== Segment start ==
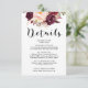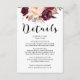 El sueño se encuentra con el rústico con esta floral tarjeta de detalles bodas de marsala burdeos. Añada su propio texto a la plantilla. Esta tarjeta forma parte de nuestra gama "Amelia & Ryan" - mira el rango completo de nuestra tienda!
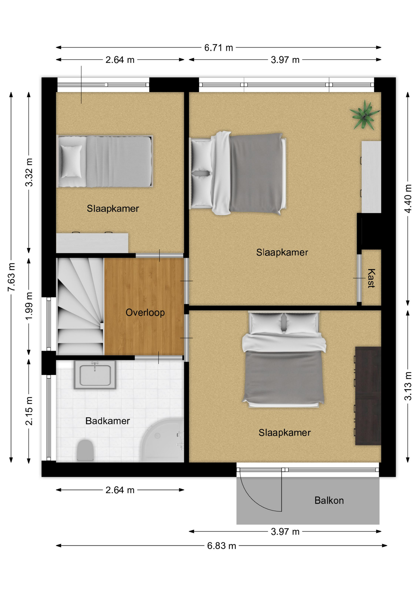 - Oppervlakte gebouwgebonden ca. 3 m2
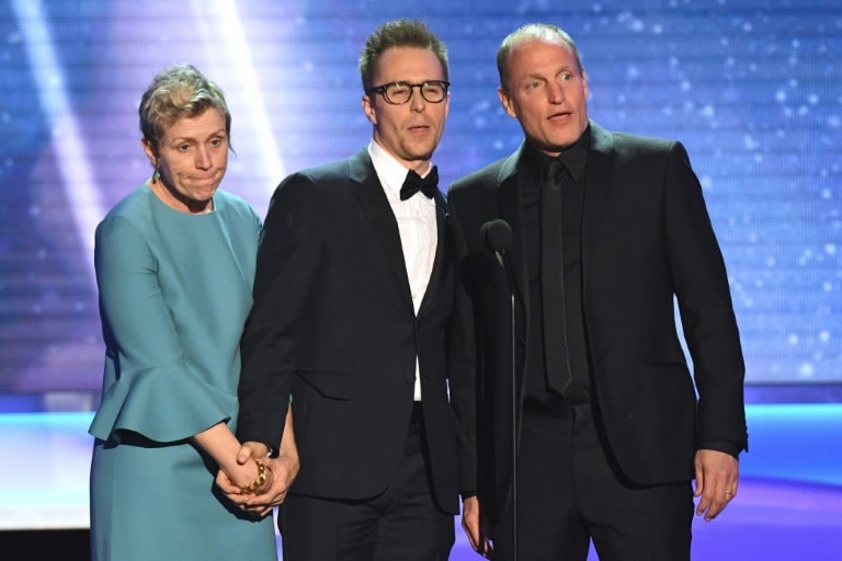 Sam Rockwell (C), Frances McDormand (L) and Woody Harrelson speak on stage during the 24th Annual Screen Actors Guild Awards show at The Shrine Auditorium on January 21, 2018 in Los Angeles, California. /AFP Photo
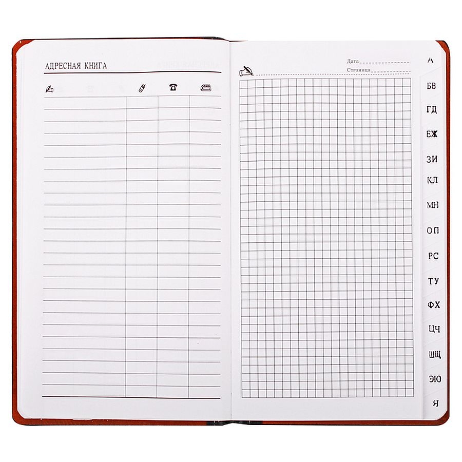- книга алфавитная, твердый переплет, в клетку;
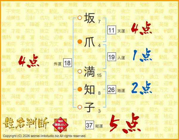 坂爪満知子さんの総運は37画の5点!
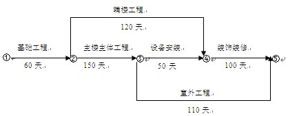 4、(0分) 某工程网络进度计划为下图所示,室外工程的总时差应为( )天。
== Segment end ==
* GOAL OF THE EXERCISE *
Pictures are to be dropped; the lines from the start of the entries above through the line with "坂爪満知子さんの総運は37画の5点!" are to be given again verbatim.

* ANSWER BOX *
 El sueño se encuentra con el rústico con esta floral tarjeta de detalles bodas de marsala burdeos. Añada su propio texto a la plantilla. Esta tarjeta forma parte de nuestra gama "Amelia & Ryan" - mira el rango completo de nuestra tienda!
 - Oppervlakte gebouwgebonden ca. 3 m2
 Sam Rockwell (C), Frances McDormand (L) and Woody Harrelson speak on stage during the 24th Annual Screen Actors Guild Awards show at The Shrine Auditorium on January 21, 2018 in Los Angeles, California. /AFP Photo
- книга алфавитная, твердый переплет, в клетку;
 坂爪満知子さんの総運は37画の5点!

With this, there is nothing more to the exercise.